Welcome to Grepr's documentation. Grepr is a next-generation observability data engine that allows you to collect and query observability data (logs only for now; metrics, traces, and events coming soon) and transform, analyze, search, alert and route it in real-time. Grepr is built on a battle-tested stateful stream processing engine (Apache Flink (opens in a new tab)), which enables us to do complex real-time processing and alerting on the data.

Pipeline summary

Our first use case is reducing logging costs by aligning the volume of logs in your observability tool (such as Splunk, Elastic, Datadog, New Relic etc) with the current state of your infrastructure. When everything is running smoothly, Grepr reduces the volume of data sent to your observability platform. No data is lost as part of this reduction; it is diverted to lower cost bulk storage. When there are incidents or anomalies, Grepr increases data granularity sent to your observability platform ensuring there is sufficient data available for troubleshooting. Additionally, previously diverted data relevant to the incident can be backfilled into your observability platform for continuity.

A few capabilities work together to make sure that Grepr delivers on this promise without impacting the developer experience and your MTTR:

  1. Dynamic aggregation: Grepr automatically understands the patterns in your logs by using unsupervised machine learning and aggregates similar messages together with zero configuration. This capability can reduce log volumes by 80-99% right out of the box. A ton of knobs are available to tune this behavior to your needs. This aggregation results in summaries in addition to samples being sent to your existing vendor. Summaries in logs mean that engineers can see exactly what is happening in their systems without having to sift through thousands of lines of logs. They can use the summaries to then drill down into the relevant logs in the Grepr UI.

  2. Raw data storage: All the original raw logs are stored in low-cost object storage (S3 for now; GCS, Azure later) for later retrieval and debugging.
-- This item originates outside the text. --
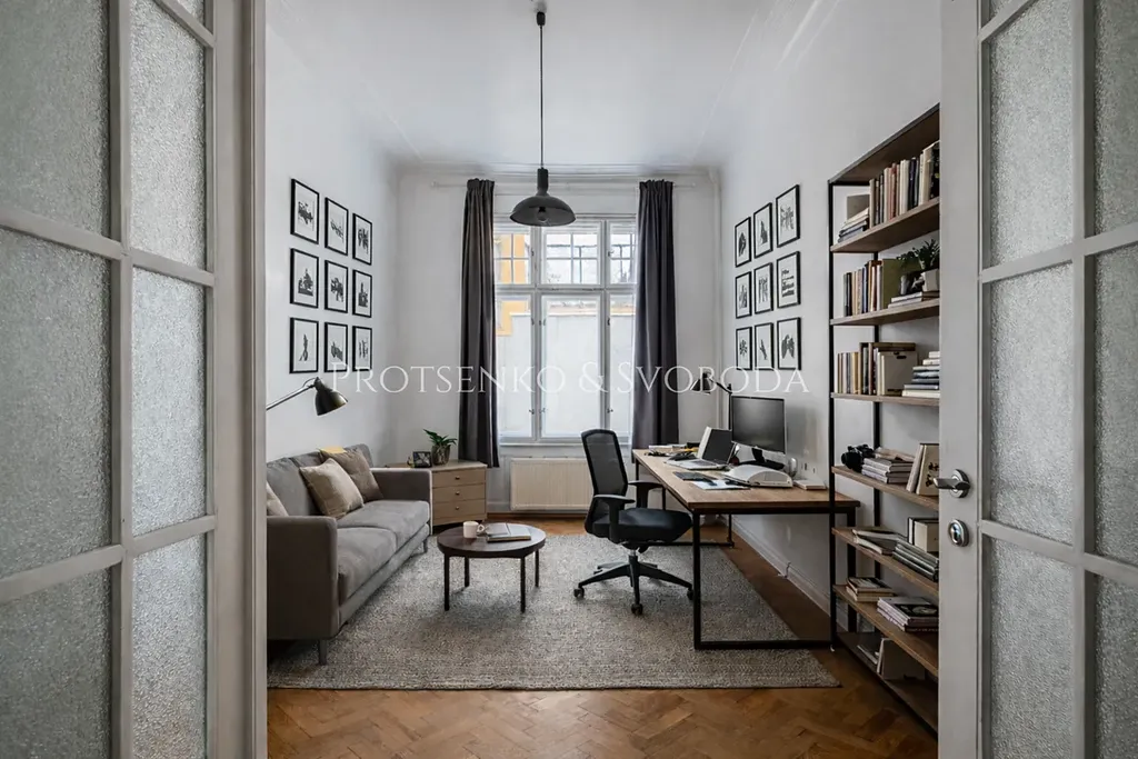 Tento byt prošel kompletní a nákladnou rekonstrukcí. Vše je zcela nové – od moderní kuchyňské linky se spotřebiči až po precizně obroušené původní parkety, které interiéru dodávají noblesu a charakter.

No data is dropped unless you explicitly configure it to be. This store could be a bucket that we host, or a bucket that you own.

  3. Raw data query: Logs are stored efficiently using Apache Parquet files and the Apache Iceberg table format, which enables them to be queried efficiently using our system or any other standard query engine like Spark or Trino. Our APIs and UI allow users to query using a Lucene-based language similar to Datadog's query language with support for other languages planned.

  4. Automated granularity adjustment: When an incident occurs or when there are alerts in your infrastructure, Grepr can automatically ensure that a developer has a complete set of logs to debug the issue. Grepr does this by (1) temporarily increasing the granularity of related logs passing through and (2) backfilling relevant logs from the raw store. This capability can either be triggered manually or automatically based on alerts from your monitoring system or on certain matches in the log data.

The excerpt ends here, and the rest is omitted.